Jakarta "Konsisten" Kebanjiran 3 Abad, Ini Nilai Kerugiannya

Jakarta, CNBC Indonesia - Ibu Kota kembali dilanda banjir, problem berabad tersebut telah menerpa sang kota megapolitan bahkan sejak zaman Hindia Belanda. Tren banjir Jakarta terus memburuk, dan nilai kerugiannya diprediksi terus bertambah.
Kemarin, memasuki pergantian tahun dari 2019 ke 2020, warga Jakarta lagi-lagi terkena banjir, yang menjadi "kado tahun baru" dari alam untuk mengingatkan bahwa warga dan pemerintah belum banyak berbenah, meski setelah lebih dari tiga abad.
Banjir kali ini menerpa seluruh wilayah Jakarta, hingga Bekasi. Laman @TMCPoldaMetro menyebutkan banjir terjadi dari Kalibata (Jakarta Selatan), Kelapa Gading (Jakarta Utara), Gunung Sahari (Jakarta Pusat), Jatinegara (Jakarta Timur), hingga Rawa Buaya (Jakarta Barat).
Problem banjir kali ini tentu saja bukan yang pertama. Menurut World Health Organization (WHO), catatan paling awal banjir di Jakarta terjadi pada tahun 1699, atau tepat 320 tahun yang lalu.
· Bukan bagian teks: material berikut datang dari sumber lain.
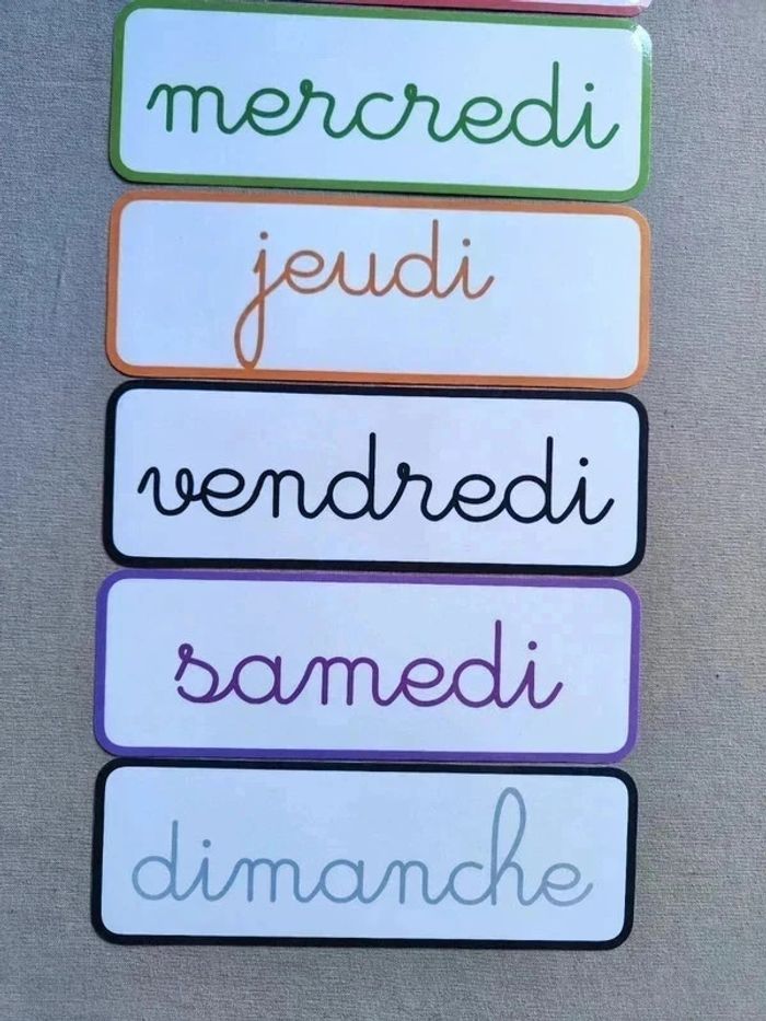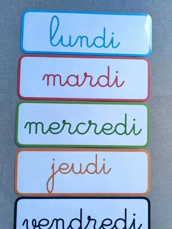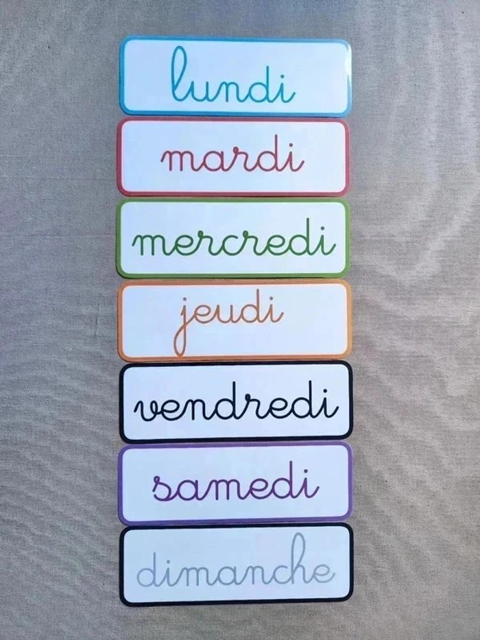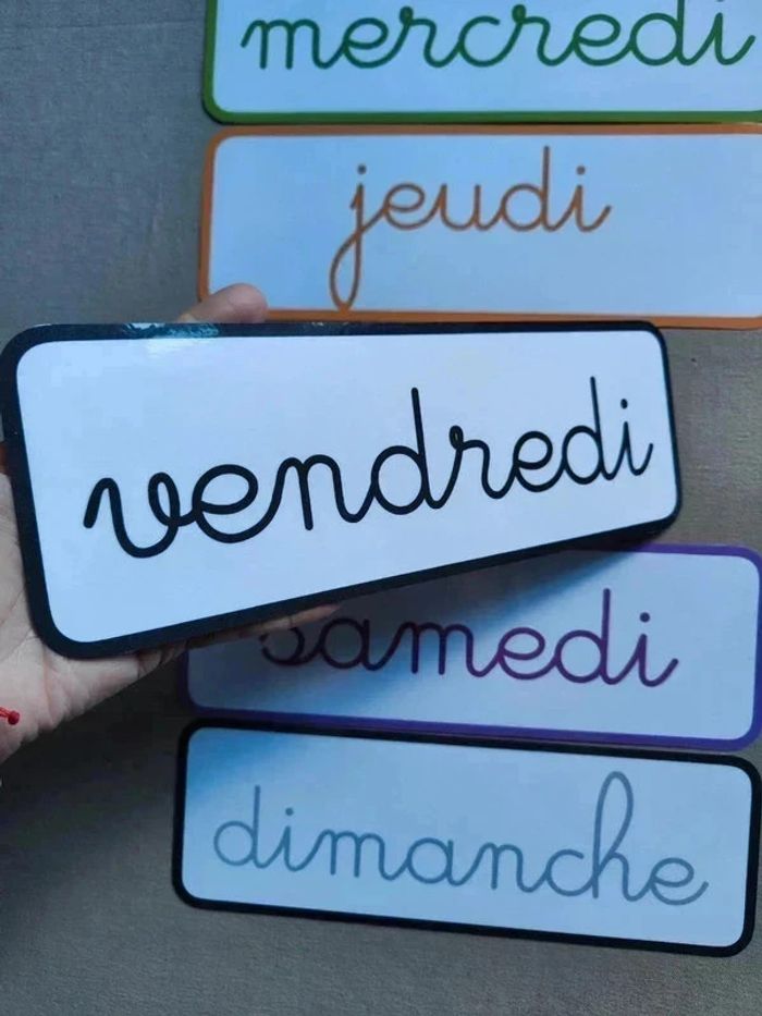 📍Pancartes des jours de la semaine, écriture cursive. 📍Papier 250G plastifié pour une bonne tenue ! 📍Taille : 28,5 x 10 cm 📍Neuf. 👉Pour trouver d'autres activités c'est par ici : 🔎#elisabethdesignAfficheA4 📫⏳ Envoi rapide et soigné le jour même de l'achat dans la mesure du possible! 🤝 Frais de port ajusté au plus bas. Ref:2#-Ephéméride

Penyebabnya adalah muntahan lava Gunung Salak yang menutup Sungai Ciliwung.
Kala itu, banjir menggenangi Kota Lama yang menjadi ibu kota kolonial Belanda di bawah pemerintahan VOC (Verenigde Oostindische Compagnie), VOC adalah perusahaan terbuka (emiten) di Belanda yang diberi hak istimewa membentuk angkatan perang di wilayah koloni.
Banjir terbesar selanjutnya yang tercatat dalam sejarah, masih mengutip laporan "Emergency Situation Report WHO" (2007), terjadi pada tahun 1714 ketika Sungai Ciliwung meluap akibat pembukaan hutan-hutan di Bogor (kawasan Puncak).
Solusi sesaat yang diambil pada kurun waktu tersebut, menurut BHM Vlekke dalam buku Nusantara: A History of the East Indian Archipelago (1943) adalah mengerahkan 100 budak untuk menggali dan membersihkan kali Ciliwung dari sampah perkebunan (utamanya limbah tebu yang dibuang begitu saja di sungai).
Barulah pada masa pemerintahan Hindia Belanda, dibangun kanal yang ditujukan untuk mengatasi banjir. Kita mengenalnya sebagai Kanal Banjir Barat, yang baru tuntas pada tahun 1942. Program pembangunan Banjir Kanal Timur (BKT) mereka tidak pernah terwujud karena kendala dana, dan baru tuntas pada era Reformasi tepatnya tahun 2003.
Langkah penyelesaian tersebut tidak pernah cukup menjadi solusi akhir, karena minimnya drainase di Jakarta, sementara 40% wilayah Jakarta saat ini berada di bawah permukaan laut. Penurunan tanah memperburuk keadaan, sehingga sejak tahun 1996 muncul satu jenis banjir baru, yang tidak dipicu oleh limpahan air dari Bogor ke Sungai Ciliwung, atau curah hujan tinggi di Jakarta, melainkan pasang laut di Jakarta Utara.
Sampai sekarang, tidak ada satupun gubernur Jakarta dan presiden Indonesia yang mampu menyelesaikan persoalan banjir secara sistemik, meski isu mengenai banjir selalu muncul dan diputar dalam retorika kampanye jelang pemilihan.